As you likely noted, the remove-negatives we wrote did not preserve the order of elements. Spend no more than five minutes trying to come up with an approach (not necessarily code) that will preserve the order of elements.

### Extra 2: More tests

You’ve seen that it’s worthwhile thinking about additional tests. Before we consider a possible implementation, write five or so additional tests that you think will potentially stress remove-negatives in other ways.

### Extra 3: A strange solution

Here’s a solution one of the CSC 151 faculty came up with.
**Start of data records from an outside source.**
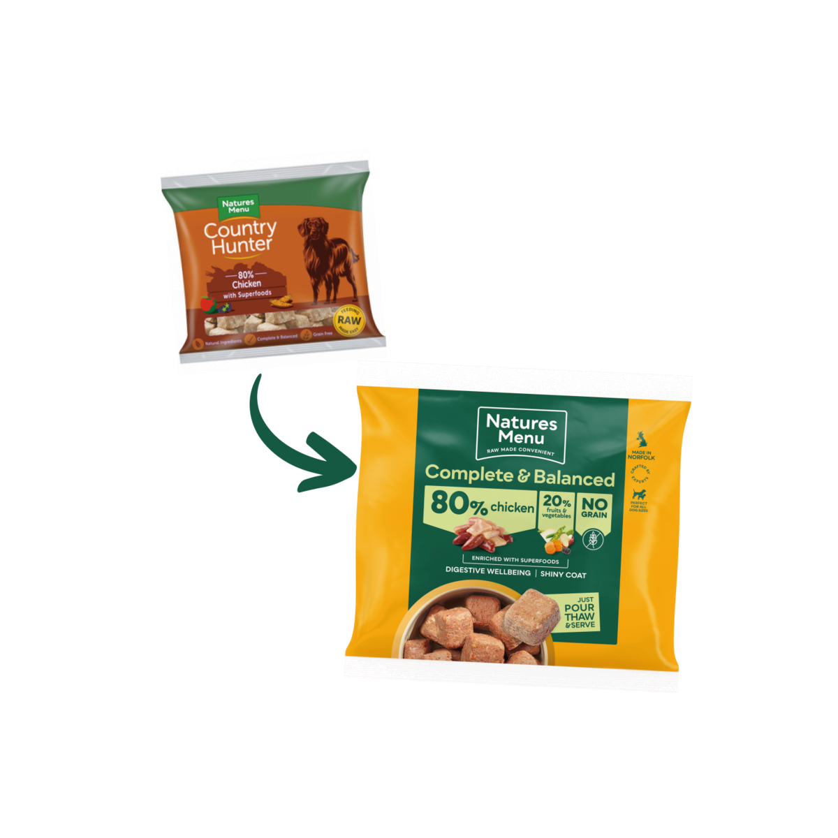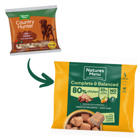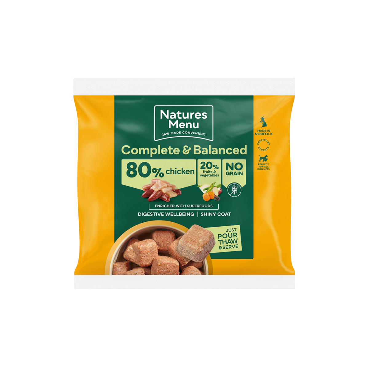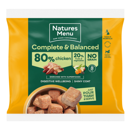 Delicious single protein chicken nuggets for dogs. Made with 80% quality chicken, boosted with a variety of powerful superfoods and nutritious vegetables. Grain free. Pack size 1kg.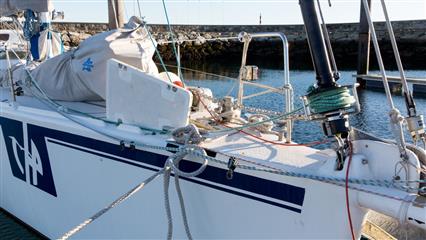 Arrivée en fin d'après-midi. Le port de plaisance est tout neuf et quasiment vide mais le maître de port est serviable et dans la soirée il repart avec le balcon. mais voilà nous sommes un vendredi soir et le balcon réparé ne reviendra que lundi. Par contre pour la voile pas de solution, mais il nous reste la trinquette et les voiles de petit temps. Nous allons attendre le balcon et repartir.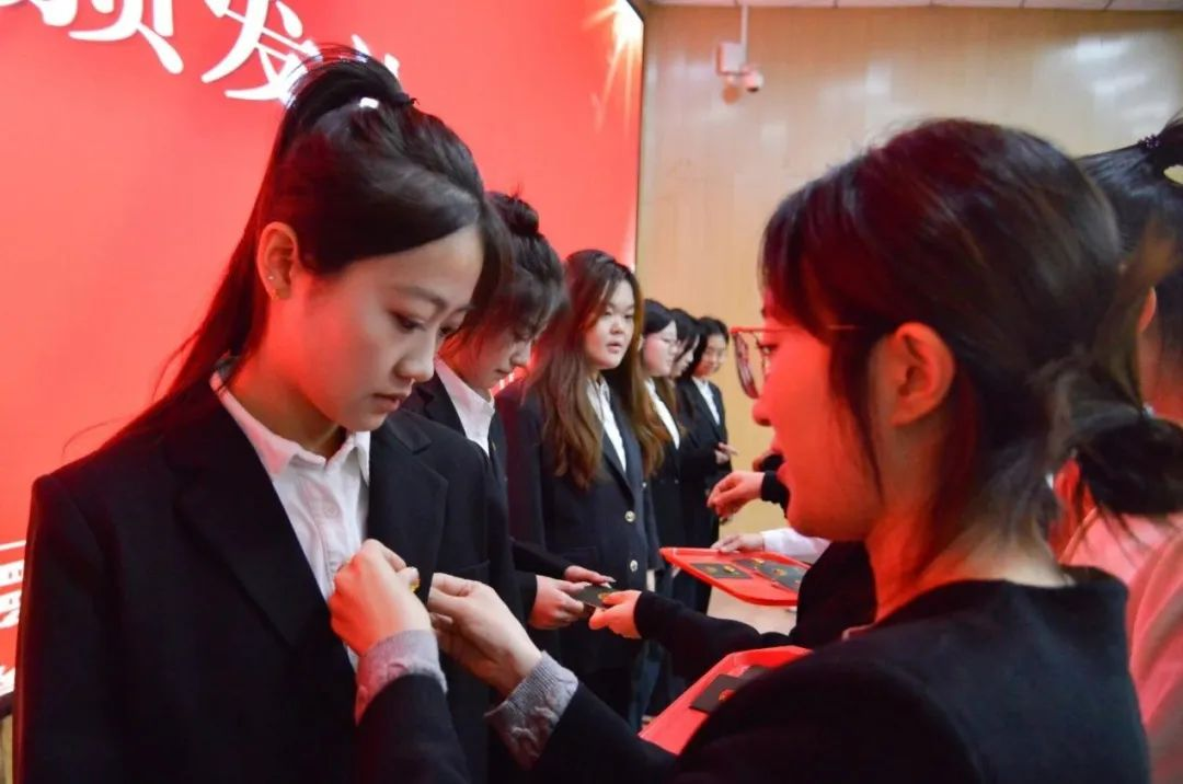 学院团委老师为新团员佩戴团徽、颁发团员证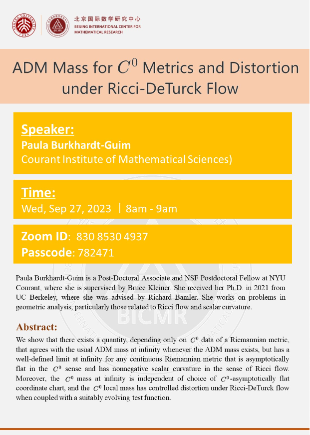 Speaker: Paula Burkhardt-Guim is a Post-Doctoral Associate and NSF Postdoctoral Fellow at NYU Courant, where she is supervised by Bruce Kleiner. She received her Ph.D. in 2021 from UC Berkeley, where she was advised by Richard Bamler. She works on problems in geometric analysis, particularly those related to Ricci flow and scalar curvature.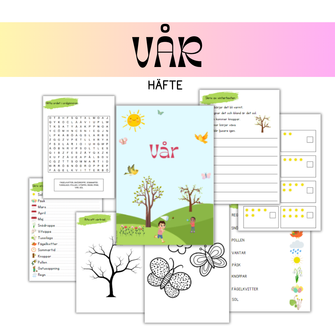 Arbetshäfte på 9 sidor med tema vår. Innehåller bland annat välskrivning, räkna, rita och ordgömma.

We’re not sure it’s right.

;;; Procedure:
;;;   real-part-<?
;;; Parameters:
;;;   n1, a number
;;;   n2, a number
;;; Purpose:
;;;   Determine if the real part of n1 is less than the real part of n2
;;; Produces:
;;;   lt?, a Boolean
;;; Preconditions:
;;; Postconditions:
;;;   If the real part of n1 is less than the real part of n2, then
;;;     lt? is true (#t)
;;;   Otherwise
;;;     lt? is false (#f)
;;; Ponderings:
;;;   Provides a mechanism for sorting complex numbers
(define real-part-<?
(lambda (n1 n2)
(< (real-part n1) (real-part n2))))

;;; Procedure:
;;;   imaginary-part-<?
;;; Parameters:
;;;   n1, a number
;;;   n2, a number
;;; Purpose:
;;;   Determine if the imaginary part of n1 is less than the imaginary part of n2
;;; Produces:
;;;   lt?, a Boolean
;;; Preconditions:
;;; Postconditions:
;;;   If the real part of n1 is less than the real part of n2, then
;;;     lt? is true (#t)
;;;   Otherwise
;;;     lt? is false (#f)
;;; Ponderings:
;;;   Provides a mechanism for sorting complex numbers
(define imag-part-<?
(lambda (n1 n2)
(< (imag-part n1) (imag-part n2))))

;;; Procedure:
;;;   remove-negatives
;;; ...
(define remove-negatives
(lambda (lst)
(map real-part
(sort (drop-to-first-zero
(sort (append (list 0)
(map +
lst
(map (section * <> 0+i)
(iota (length lst)))))
real-part-<?))
imag-part-<?))))


Here’s a slightly more readable version, but with less documentation. (Remember that you read Scheme expressions inside-out.)

(define remove-negatives
(lambda (lst)
(remove-imag-part
(sort-by-imag-part
(drop-to-first-zero
(sort-by-real-part
(append (list 0)
(annotate-with-indices lst))))))))

; Add indices to the numbers in a list, using the imaginary
; part of the list for the indices.
(define annotate-with-indices
(lambda (lst)
(map +
lst
(map (section * <> 0+i)
(iota (length lst))))))

; Remove the imaginary part of all values in a list.
(define remove-imag-part
(lambda (lst)
(map real-part lst)))

; Sort a list of complex numbers by the real part of each number.
(define sort-by-real-part
(lambda (lst)
(sort lst real-part-<?)))

; Sort a list of complex numbers by the imaginary part of each number.
(define sort-by-imag-part
(lambda (lst)
(sort lst imag-part-<?)))


a. Do you think this approach will work?